When I was an undocumented migrant for a period of several years, I did it by choice. It was not a good choice, but (like Churchill’s description of democracy) it was better than the other available ones. I was unable to study, work legally, pay taxes, vote, or go to hospital when I got sick, let alone make plans for the future. I did not have a good time. However, it was a conscious decision. The alternative was being deported for up to ten years and breaking up my family. Making my presence known to the authorities, even through a general statistical approach rather than personal identification, would not have benefited me in any way. And it’s not as if the authorities, local or national think that being undocumented is a picnic – informing them that the lives of undocumented people are not easy is neither here nor there. Undocumented status is created by politics, and it can only be solved by politics, not by information in isolation of any political influence.
- Predicting is acting.
If you gather the data and have the expertise to make predictions others cannot make, whether about numbers, behaviour, migration trajectories, financial activities, or any other feature of migrant flows – you are acting on migrants by creating that information. Data is never raw, and models are never neutral. Those institutions charged with controlling migration are extremely well-funded, have strong political support, and are incentivised by many urgent concerns, not least national security. They are not unaware of all the data scientists out there producing new analyses of migration dynamics, nor are they lacking in technical skill. Together, these projects amount to a massive database on migration at a highly granular level, far beyond what authorities can produce on their own. What are the implications of this? Well, consider that intelligence agencies around the world have expressed their gratitude to all the people who post about their lives online, and the tech giants who collect, assemble and make that information easily searchable. Anyone doing ‘data for social good’ projects should be aware that they are becoming part of the surveillance economy, regardless of their often excellent motives.

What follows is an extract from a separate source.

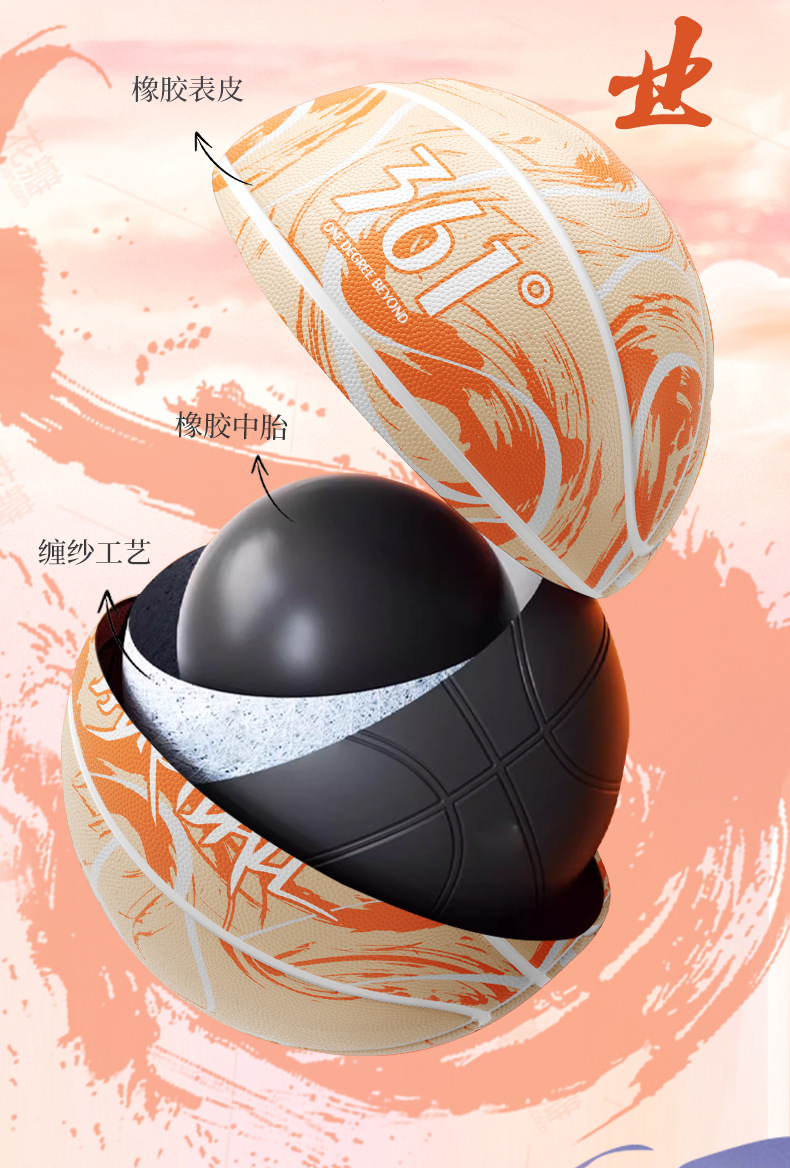 361 ° Оригинальный баскетбольный мяч с привлекательным внешним видом, износостойкий, подходит для использования в помещении и на улице, для взрослых и студентов, для профессиональных мероприятий, уличных игр и тренировок.
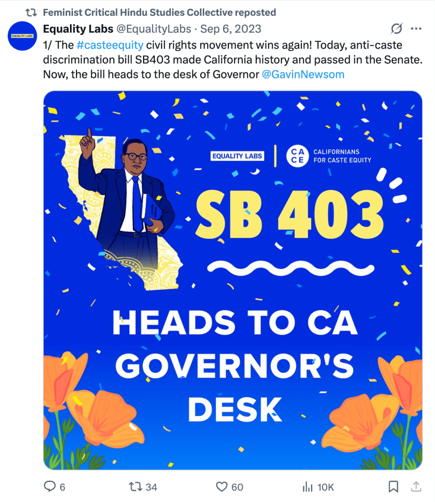 In “Hindu fragility and the politics of mimicry in North America“, FCHS draws parallels between White supremacy and Hindutva. They write, “By examining contemporary debates around caste in the United States, we illustrate how Hindu fragility—an expression of Hindu supremacist logics—is weaponized and performed by North American Hindus, mimicking white supremacy culture and propagating everyday Hindu nationalism.” They argue that in North America, Indians as “model minority” is a myth that presents Hindus are victims of discrimination and not as perpetrators of discrimination. They describe Hindu fragility as “Hindu fragility then refers to how caste-privileged Hindus leverage ideas about their collective precarity and vulnerability, making it seem that any criticism of Hinduism or India harms Hindus and enacts violence against the community.” They further state that Hindu groups practice “homohindunationalism” that expresses “solidarity with LGBTQ+ groups but reject working with anti-caste groups.” They mention the Indian Union territory of Jammu & Kashmir as “occupied by India”. In conclusion they write “Caste supremacy in South Asia and South Asian diasporas, which has been sustained over thousands of years through a wide-array of religious texts and practices as well as economic and social structures, upholds brahminical patriarchy at the expense of caste-oppressed communities, religious minorities, and others not included in the vision of Hindu supremacy.”

This does not suggest that data science cannot do social good, or that research teams should not be engaging with social problems. It does suggest, however, that if you are a data scientist engaging with a migration-related question, you should have an idea of what your theory of change is. You should be aware that your research is producing actionable data on highly vulnerable people, and there is no inherent reason why its use will be beneficial. Historically, data on undocumented migrants has not been beneficial to those migrants. Finally, your work has politics, whether it is designed for social good or not, and you should make sure you agree with them.